Антропологическое учение Григория Паламы основано на многовековом опыте восточного монашества. Анализируя это учение, архимандрит Киприан (Керн) обращает внимание на утверждение о необходимости «уметь воспользоваться телом и привлечь его к соучастию в молитве», чему и учит методика исихастов. «Что касается физических приемов, то есть известного положения тела при молитве, наклона головы, устремления взгляда на определенное место и самой координации молитвенного ритма с дыханием, — все это не самое главное в мистике исихастов. Это рекомендуется отдельными учителями, и то только как вспомогательное средство. Суть молитвы не в этих приемах. Но советы эти вытекают из [святоотеческого] взгляда на тело и физику в деле духовного подвижничества. Эти телесные приемы того же происхождения и порядка, как поднятые руки ввысь, крестное знамение, связанное с метаниями [поклонами], лежание долу на земле. В аскетическом подвиге должна участвовать не одна только душа или какая-нибудь одна из ее способностей (воля, ум, чувство), а весь вообще психофизический состав человека. Такова древняя практика монашества»{359}.
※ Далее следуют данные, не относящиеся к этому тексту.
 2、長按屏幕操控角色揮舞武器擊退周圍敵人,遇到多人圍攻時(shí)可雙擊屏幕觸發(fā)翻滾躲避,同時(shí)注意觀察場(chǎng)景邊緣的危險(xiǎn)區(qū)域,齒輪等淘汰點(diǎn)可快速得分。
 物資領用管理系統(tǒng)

Использование некоторых внешних приемов может способствовать переходу от словесной молитвы к умной, позволяет ослабить привязанность к словесному звучанию молитвы, оторваться от слова и приблизиться к чистой мысли. Затем, продолжая несколько понуждать себя, используя простые физиологические закономерности, можно получить помощь в достижении умно-сердечной деятельной молитвы. Далее применение художества может послужить подспорьем в обретении высокого дара благодатной непрестанной молитвы, примером чему служит опыт героя «Рассказов странника», последовательно прошедшего весь деятельный путь от словесной до умно-сердечной молитвы и после сего обретшего, уже с помощью художества, молитву самодвижную.
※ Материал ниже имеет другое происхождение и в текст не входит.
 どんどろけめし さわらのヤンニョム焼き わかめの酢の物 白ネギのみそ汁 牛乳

Все указанные достижения являются, конечно, Божественными дарами. Мы же призваны совершить все возможное, все зависящее от нас, чтобы приуготовить себя к ожидаемому действию благодати. Смысл наших усилий в том, чтобы исполнить свой долг и, егда сотворите вся повеленная вам[119], помнить, что сделали лишь то, что должны были сделать.
Прежде всего, можно ставить задачу перейти от словесной молитвы к молению умному. Дело в том, что, когда мы молимся молча, это действие в большинстве случаев еще нельзя назвать молитвой умной. «Разумная часть души, — читаем у прп. Иоанна Дамаскина, — разделяется как на внутреннее слово, так и на произносимое. Внутреннее же слово есть движение души, происходящее в той части, которая рассуждает, без какого-либо воскликновения; посему часто и молча мы вполне излагаем в себе самих всю речь»{360}. Под умной «разумеется молитва, — пишет свт. Игнатий, — совершаемая умом в сердце. Молитву внимательную новоначальных, при сочувствии сердца, отцы редко удостоивают наименования умной молитвы, причисляя ее более к устной»{361}.
Мысленно произносимая про себя молитва на самом деле остается еще словесной, так как мы хотя и неслышно, но продолжаем выговаривать беззвучные слова. При этом мышцы артикуляции испытывают микронапряжения, соответствующие тем, что бывают при речи, произносимой вслух. До тех пор пока в эти мышцы проникают, вместе с каждым мыслимым словом, хотя бы едва ощутимые нервные импульсы, молитва остается еще словесной. Как только молитва переходит в степень умной, исчезает внутренняя связь между словом и его артикулярным воспроизведением. Тогда уже ни один импульс не достигает органов речи, они как бы отключены, словно прервалась нервная связь между возникающей в уме мыслью и речевым аппаратом. Такое изменение может сопровождаться заметным чувством облегчения — молитва начинает звучать очень легко и непринужденно. Это признак того, что молитва становится умной, начинает мыслиться вне речи.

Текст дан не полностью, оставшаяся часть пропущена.